Some people believe that a fragrance shouldn’t project beyond an inch or two, perceptible only in the most intimate of moments. These are skin-scent people, and I am not one of them. Skin-scent people believe perfume is designed to hold close to the body, activated by warmth, sweat, or sun, and released in faint, sporadic whisps throughout the day. Reportedly (I wouldn’t know), skin scents elicit compliments like, “You smell so good,” rather than “What perfume are you wearing?” Ingredient lists are often short or consist of a single note—Iso E. Super or Ambroxan—and the lifecycle is relatively linear: an opening of cold pencil shavings that dries down to slightly warmer pencil shavings.
Because people who wear these perfumes often say they can’t detect them on themselves, conceptually, skin-scents are designed for the benefit of others, and formally, they’re unlikely to offend because they barely smell like anything at all. Where’s the fun in that? I believe perfume is about shamelessly letting people know who you are, and wearing it is a discursive practice that indicates a desire to occupy space in the world. I wear perfume expressly because I don’t want to smell like me. I wear it because I want to smell like coconuts.
Ideally, I like for my perfume to leave the room after I do. I always over-apply. Like those character artists on the street that exaggerate your strongest features—catch me on the wall at Sardi’s, obscured by a brume of electric green miasma. What could be more alluring than an intoxicating scent that follows you around like beguiling vapor?
Described by perfume people as “narcotic,” with “beast mode sillage,” my first date fragrances are the tenacious ones that project outwards and draw others into your auric field. Indolic (pissy) white flowers like jasmine and tuberose can do it, as can rich labdanum and warm vanilla.
In my opinion, no perfume better casts this spell of love magic than Angel by Mugler. I wear fragrances designed to smell like literal zoo animals, and Angel steamrolls them with its primal animal magnetism. The opening is red fruit, pineapple Jolly Ranchers, peach rings, and sunscreen wrapped in pink cotton candy. As it dries down it grounds in patchouli, warm amber, vanilla, and spices with lingering notes of chocolate syrup.

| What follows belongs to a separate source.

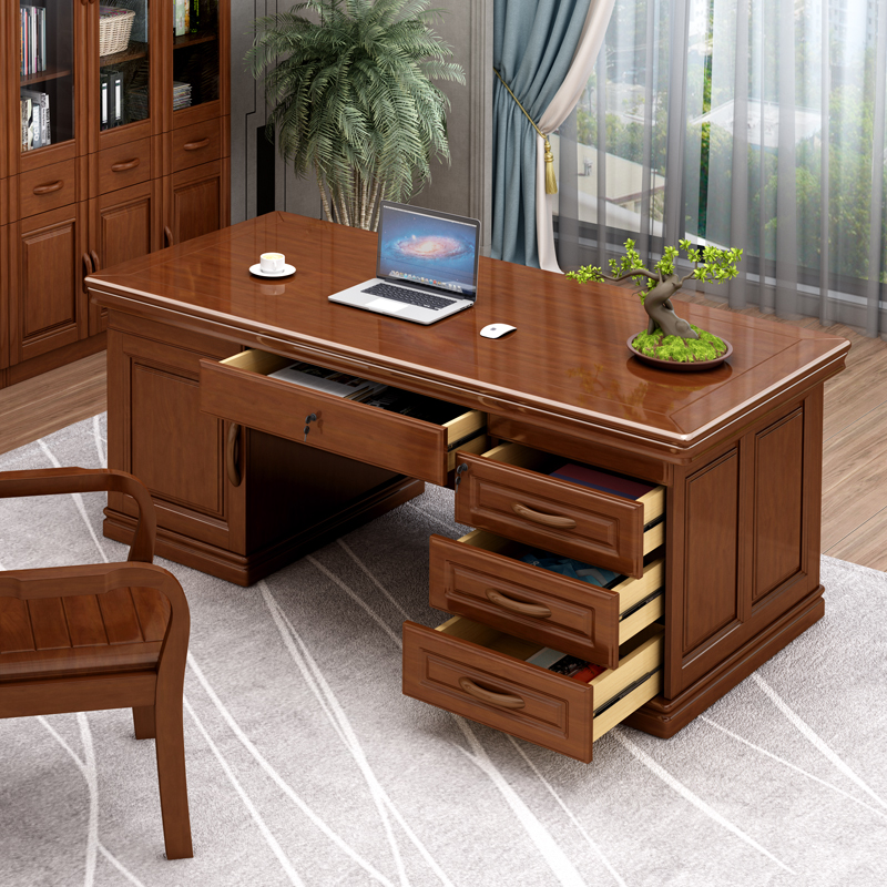 Solid wood desk atmosphere boss table and chair combination new Chinese executive desk single computer desk home writing desk

I cannot overstate how much I love this perfume. Angel smells like my favorite middle school perfume moved to L.A. to join The Oppenheim Group. It’s a bouncy, glossy, overripe, spray-tanned fantasy that you can smell from across the block. The last time I wore it I was sweating through my clothes outside a CarMax in Burbank and was hit with a wave of melted rainbow shebert. I told the woman next to me that I was obsessed with her perfume and she replied that I was likely just smelling myself. I was.
Die-hards will tell you today’s Angel has been reformulated and is a pale interpretation of the original; if this is pale, the original must have been fucking nuclear, and I need a bottle NOW. For as loud as it is, Angel is cozy in that it articulates the space between you and those around you and acts as a come-hither style invitation to foreshorten that distance. The cotton candy accord floats above the skin with enticing frothiness, and the vanilla-patchouli base is as comforting as slipping on a pair of Ugg boots. Angel is every mood I’m ever in all at once: sticky sweet and earthy, ironic and sincere, populist and freaky. I respect Angel for its boldness and aspire to its level of authenticity: down to the star-shaped cut crystal bottle what you see is what you get. It is transparent, multifaceted, and takes up a little more space on the shelf than it ought to.

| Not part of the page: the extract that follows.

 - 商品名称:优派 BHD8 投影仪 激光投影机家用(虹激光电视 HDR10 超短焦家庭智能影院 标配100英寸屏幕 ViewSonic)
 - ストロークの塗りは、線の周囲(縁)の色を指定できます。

Wearing perfume means sharing something about yourself, something deeply private, and sharing it with generosity—when we wear perfume, we grant our lovers the same access to our fantasies as our Uber drivers, colleagues, and those across the aisle on our flight. We tell them who we are and who it is we want to be. Tania Sanchez, the perfume critic who co-wrote Perfumes: The Guide with Luca Turin, said that wearing perfume is akin to having an orchestra follow you around all day playing your personal theme song. Mine is less Concerto Grosso and more Pussycat Dolls Polka. I douse myself head to toe because you’re only ever granted one chance to make a first impression. When life hands you the aux cord, take it.